From  Andrea Kalinowski

Author:  Deborah  Halber

Title:  The skeleton crew : how amateur sleuths are solving America’s coldest cases 

I recently finished reading The Skeleton Crew: how amateur sleuths are solving America’s coldest cases by Deborah Halber. This book offered a fascinating insight into the world of the unidentified and missing and how a slew of amateurs are seeking to identify and reunite them with their families. The amateur sleuth is drawn to the search for a variety of reasons, ranging from a search for their own  missing loved one to pure altruism. I cannot fathom how the number of UID (Unidentified Dead) can be so high but it is estimated to be around 40,000 people. One of the reasons that the number is so high is that the little slip of paper known as a Driver’s License is easily lost, misplaced, or forgotten if perhaps one is intending only to run a quick errand.
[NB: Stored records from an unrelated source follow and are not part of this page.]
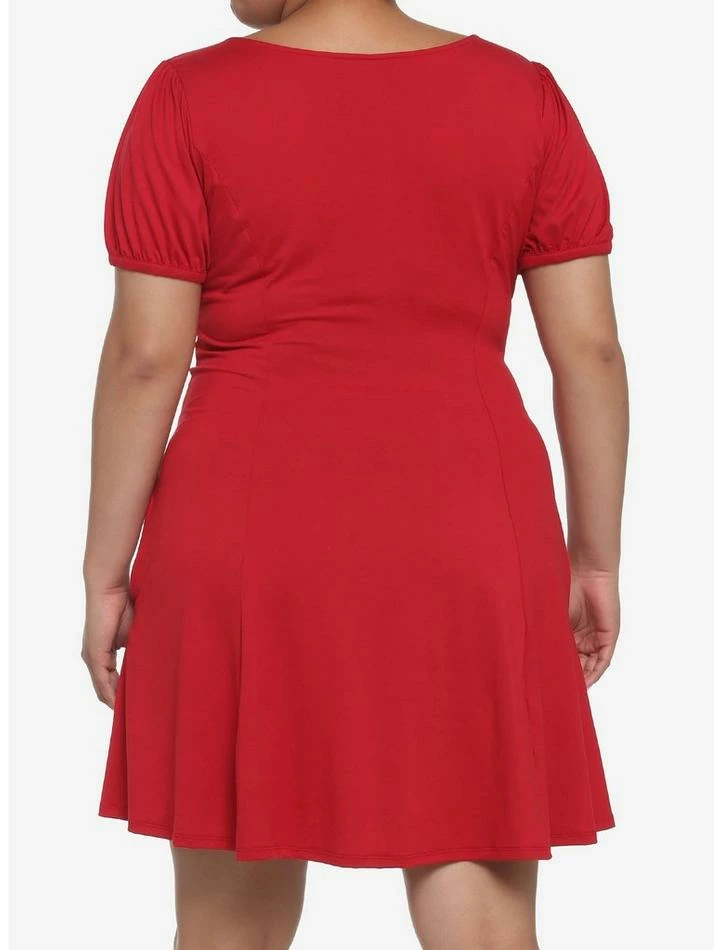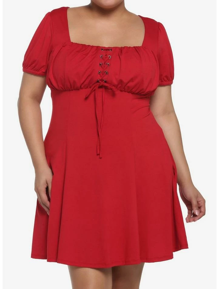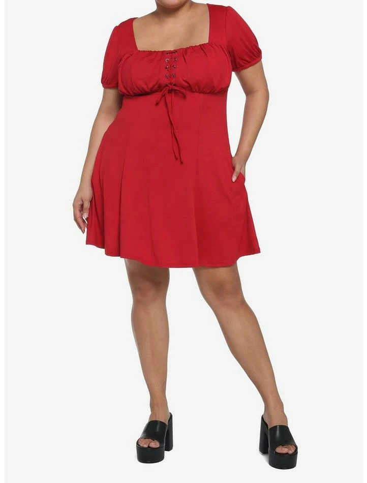 Everyone needs a red dress for the holidays and celebrations. This style has an empire waist with cute lace-up detail at the bust, and pockets!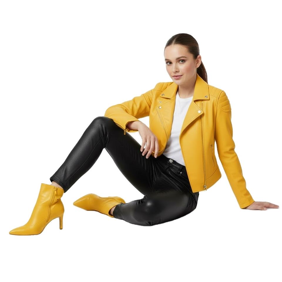 แจ็คเก็ตหนังแท้สีเหลืองสำหรับผู้หญิง สไตล์นักขี่มอเตอร์ไซค์ ผลิตตามแบบ OEM ODM รับผลิตตามสั่ง ขายส่งจำนวนมาก ราคาโรงงาน แฟชั่นสำหรับผู้หญิง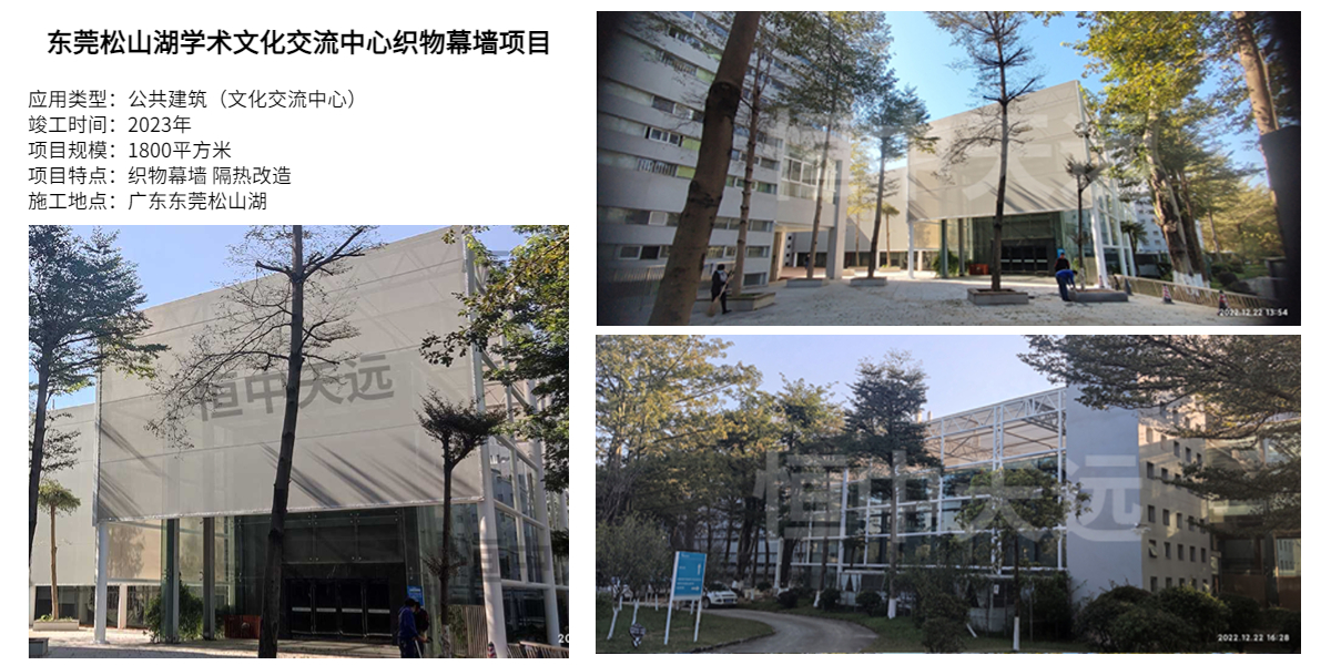 深圳恒中天远作为织物幕墙建筑工程行业知名企业,在织物幕墙建筑工程领域,恒中天远借助数十年织物材料研发投入,以及跟各大建筑设计院、美术学院保持着良好的合作关系,在建筑幕墙行业中默默耕耘织物幕墙细分领域,并积累大量配套织物幕墙工程经验,以满足现代化建筑外立面幕墙多样性设计需求。我们拥有专业的织物幕墙外立面设计团队和施工团队,可以满足不同类型建筑的织物幕墙设计和施工需求。代表案例:东莞松山湖学术文化交流中心织物幕墙工程项目、造甲乡农业科技展示中心织物幕墙工程项目等。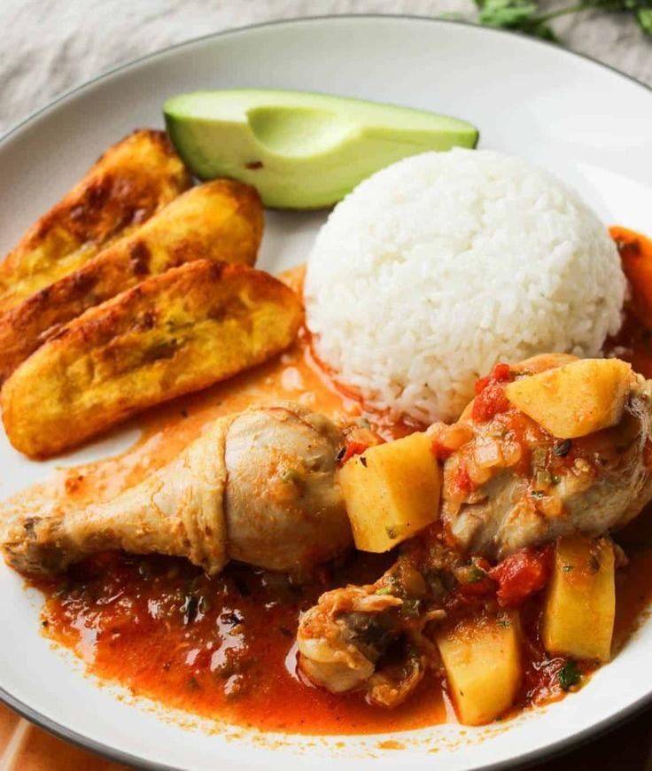 Arroz, pollo en salsa, plátano maduro, aguacate te frio.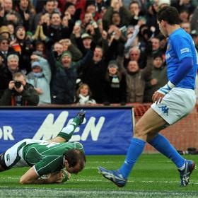 El abultado marcador se debió a los cinco ensayos que consiguió la 'maquina verde' destacando especialmente el último logrado en los minutos finales del partido por O'Driscoll, con la defensa de la selección 'azzurra', muy descentrada.

If this paper is not with the individual and some misadventure befalls the individual, it falls to the police to attempt identification. A tool to aid the police in clearing the backlog of UID is to have a website for law enforcement and the public to peruse if they are looking for a match to a missing person. In addition to national databases, many states have their own state websites for the Unidentified Dead. Pets are equipped with microchips and human beings are not. Now, just imagine how much this simple procedure would influence the number of UIDs. The Doenetwork.org, NamUS.gov, and many more exist out there. One only needs to use the search term “unidentified dead” and you will be inundated with sites on which you can expend and hone your sleuthing energies.